# [TASK INSTRUCTIONS]
Give back exactly the lines of the entries below from the line with "French Enamel Champleve" to the line with "Coussin De Cartier", inclusive, and only those.

# [PROVIDED INFORMATION]

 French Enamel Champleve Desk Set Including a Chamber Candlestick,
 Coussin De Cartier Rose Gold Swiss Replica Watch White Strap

--

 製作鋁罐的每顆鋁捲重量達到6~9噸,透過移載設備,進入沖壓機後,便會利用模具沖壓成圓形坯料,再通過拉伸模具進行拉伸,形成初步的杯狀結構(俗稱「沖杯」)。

# [COMPLETED TASK]
 French Enamel Champleve Desk Set Including a Chamber Candlestick,
 Coussin De Cartier Rose Gold Swiss Replica Watch White Strap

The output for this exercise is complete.